*WHAT YOU ARE ASKED TO DO*: Further down are entries; set down exactly and only the lines from the one with "The Dionysus shoulder" up to and including the one with "观看完直播后,由各团支部书记", dropping each picture.

*EXERCISE INPUTS*:
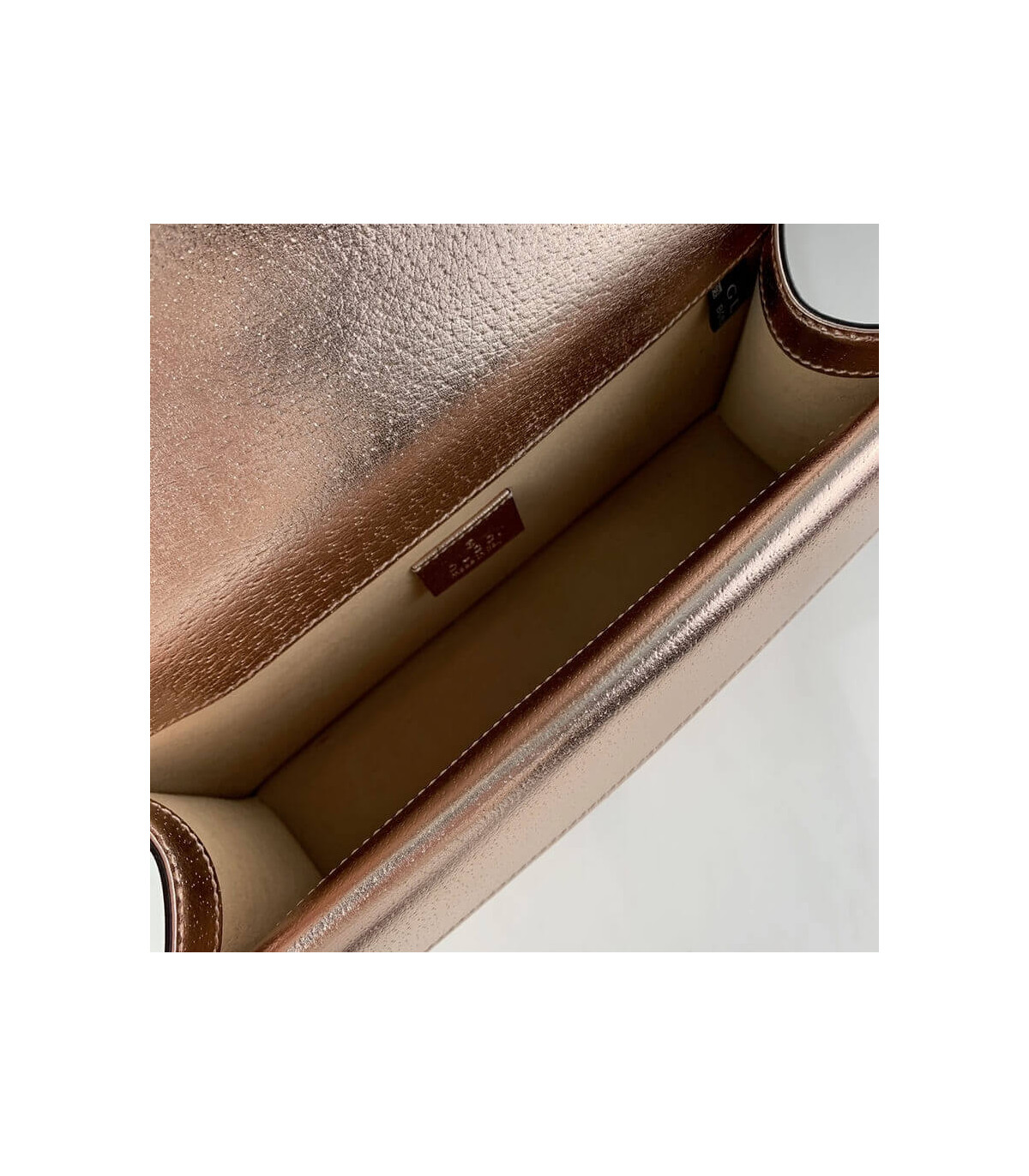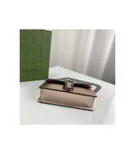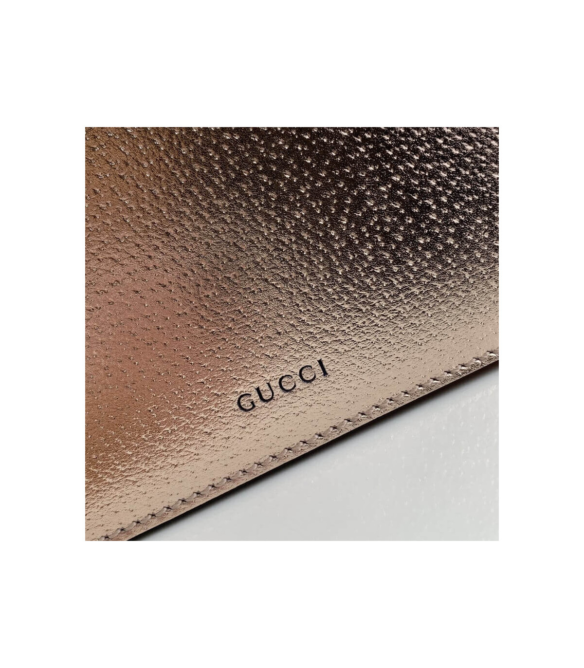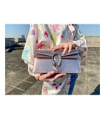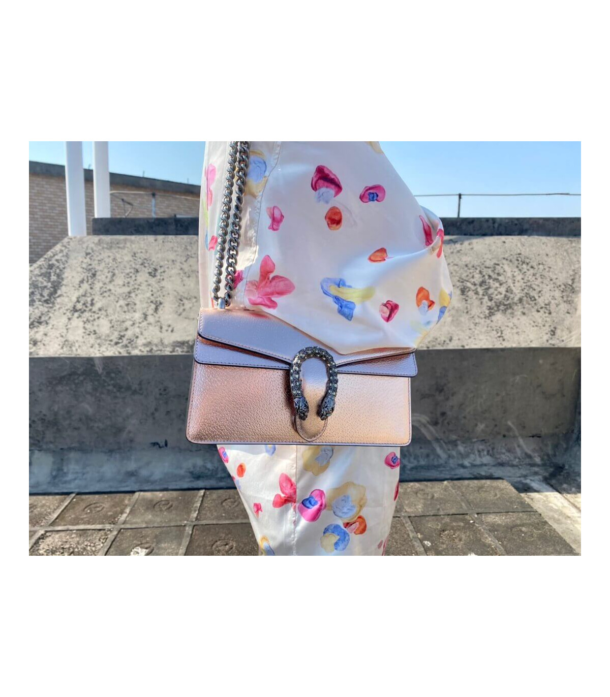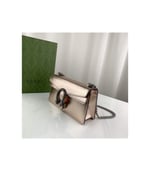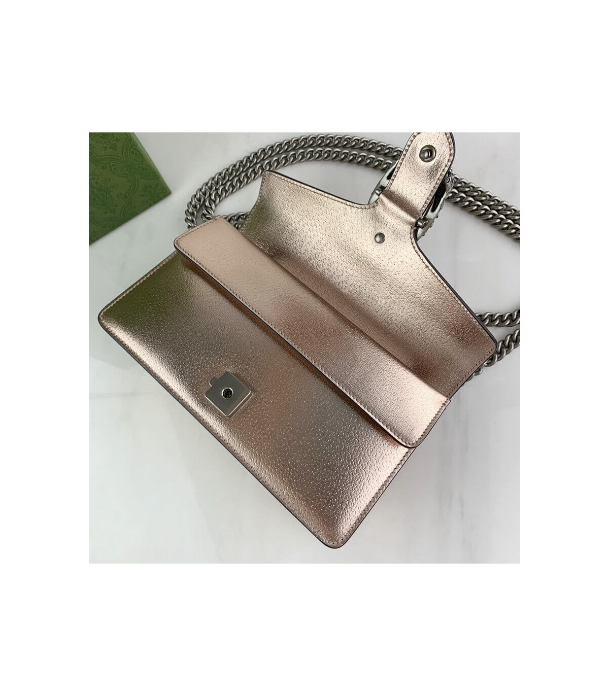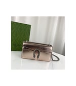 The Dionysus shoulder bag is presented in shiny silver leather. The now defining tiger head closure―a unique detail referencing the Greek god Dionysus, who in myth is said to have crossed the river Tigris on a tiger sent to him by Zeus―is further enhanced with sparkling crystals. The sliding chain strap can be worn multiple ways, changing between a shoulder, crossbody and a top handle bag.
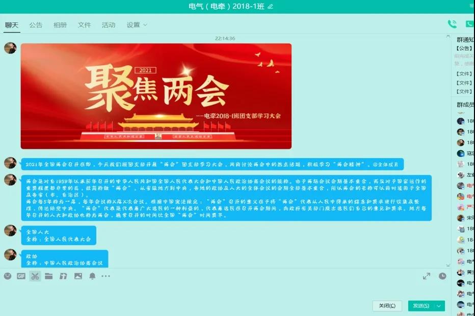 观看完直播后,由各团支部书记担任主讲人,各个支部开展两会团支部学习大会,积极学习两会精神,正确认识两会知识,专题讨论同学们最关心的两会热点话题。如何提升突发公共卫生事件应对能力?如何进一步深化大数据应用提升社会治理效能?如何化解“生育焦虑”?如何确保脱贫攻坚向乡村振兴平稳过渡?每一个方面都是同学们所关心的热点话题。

...

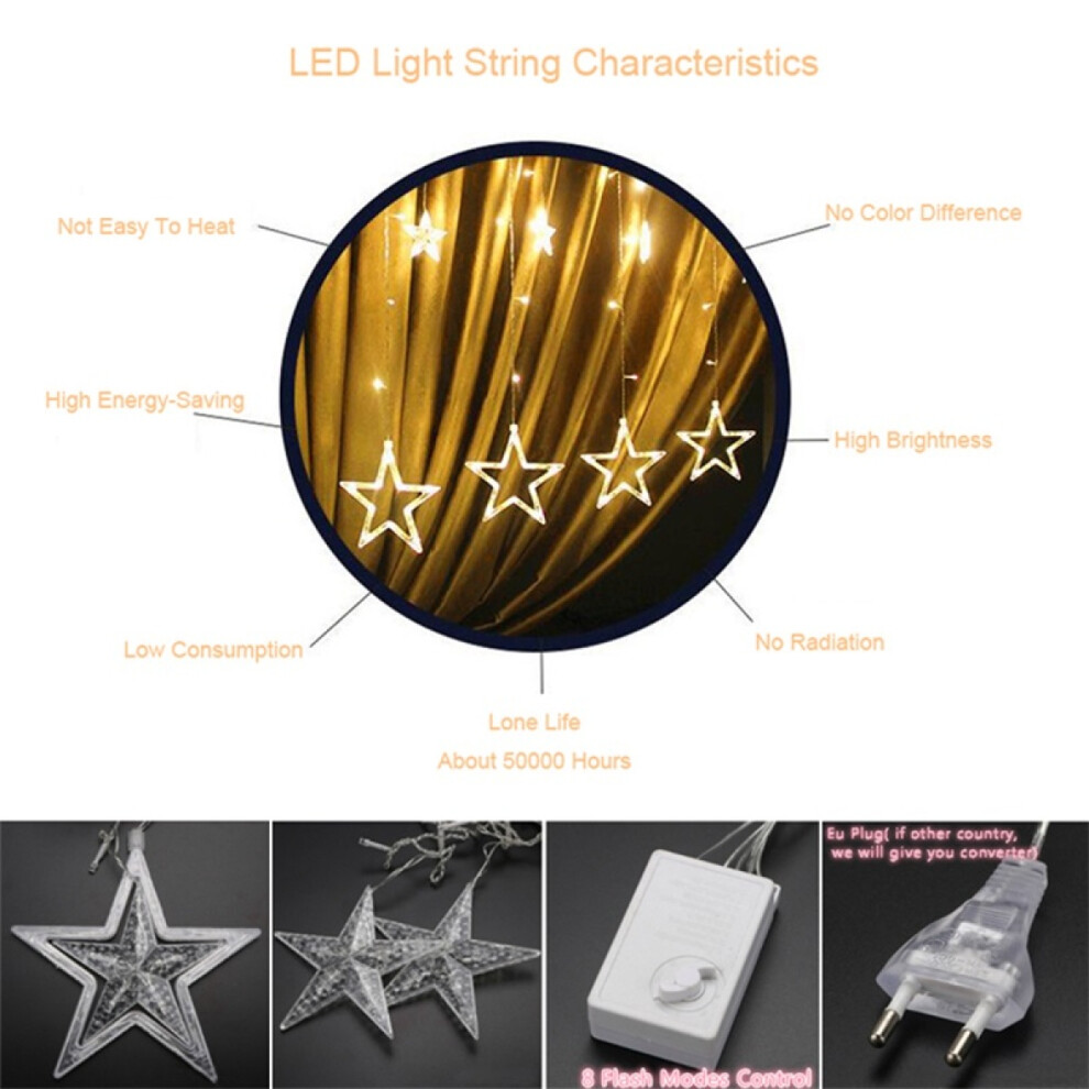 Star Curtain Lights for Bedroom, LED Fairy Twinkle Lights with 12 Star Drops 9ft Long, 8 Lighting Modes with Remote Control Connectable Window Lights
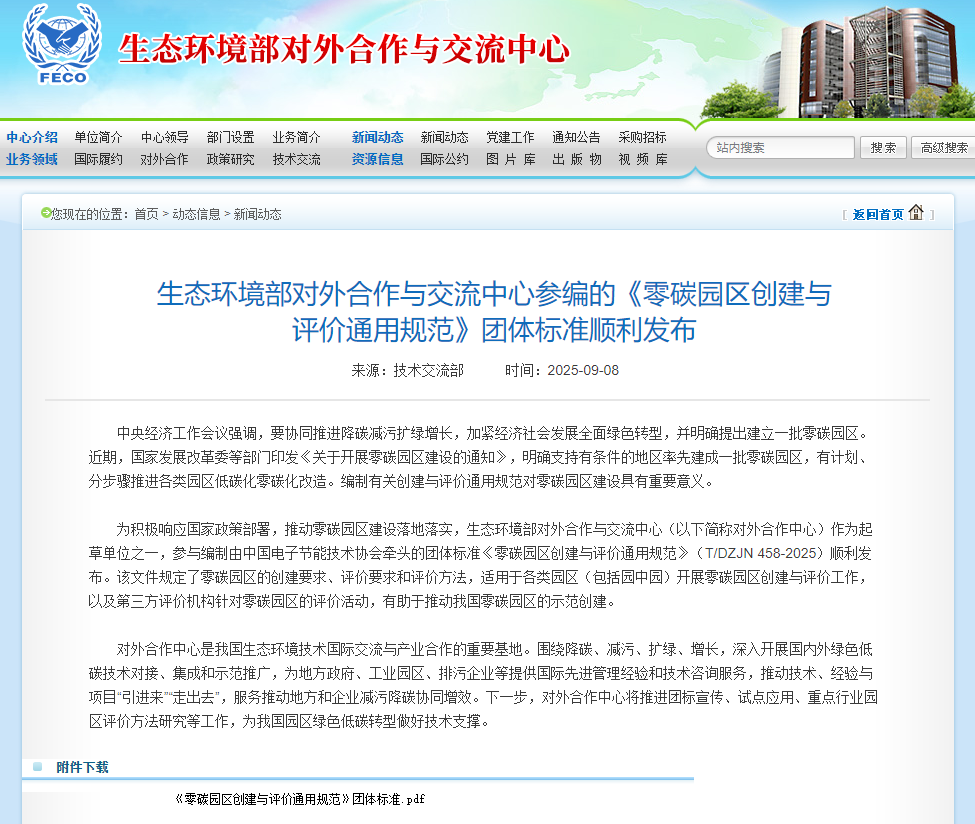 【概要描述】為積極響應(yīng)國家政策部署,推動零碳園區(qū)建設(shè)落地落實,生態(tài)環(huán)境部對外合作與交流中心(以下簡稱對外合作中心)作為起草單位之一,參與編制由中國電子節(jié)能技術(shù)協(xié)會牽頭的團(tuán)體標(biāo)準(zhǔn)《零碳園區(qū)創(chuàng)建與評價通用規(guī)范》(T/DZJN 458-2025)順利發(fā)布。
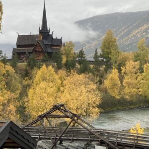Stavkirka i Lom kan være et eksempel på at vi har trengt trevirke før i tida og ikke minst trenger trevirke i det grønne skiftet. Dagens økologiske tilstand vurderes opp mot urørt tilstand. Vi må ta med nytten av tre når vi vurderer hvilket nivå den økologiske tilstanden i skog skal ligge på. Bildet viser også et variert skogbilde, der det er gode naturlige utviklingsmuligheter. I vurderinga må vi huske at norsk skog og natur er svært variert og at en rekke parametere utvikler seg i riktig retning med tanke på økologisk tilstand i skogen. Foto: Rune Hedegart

*RESULT FOR THIS TASK*:
 The Dionysus shoulder bag is presented in shiny silver leather. The now defining tiger head closure―a unique detail referencing the Greek god Dionysus, who in myth is said to have crossed the river Tigris on a tiger sent to him by Zeus―is further enhanced with sparkling crystals. The sliding chain strap can be worn multiple ways, changing between a shoulder, crossbody and a top handle bag.
 观看完直播后,由各团支部书记担任主讲人,各个支部开展两会团支部学习大会,积极学习两会精神,正确认识两会知识,专题讨论同学们最关心的两会热点话题。如何提升突发公共卫生事件应对能力?如何进一步深化大数据应用提升社会治理效能?如何化解“生育焦虑”?如何确保脱贫攻坚向乡村振兴平稳过渡?每一个方面都是同学们所关心的热点话题。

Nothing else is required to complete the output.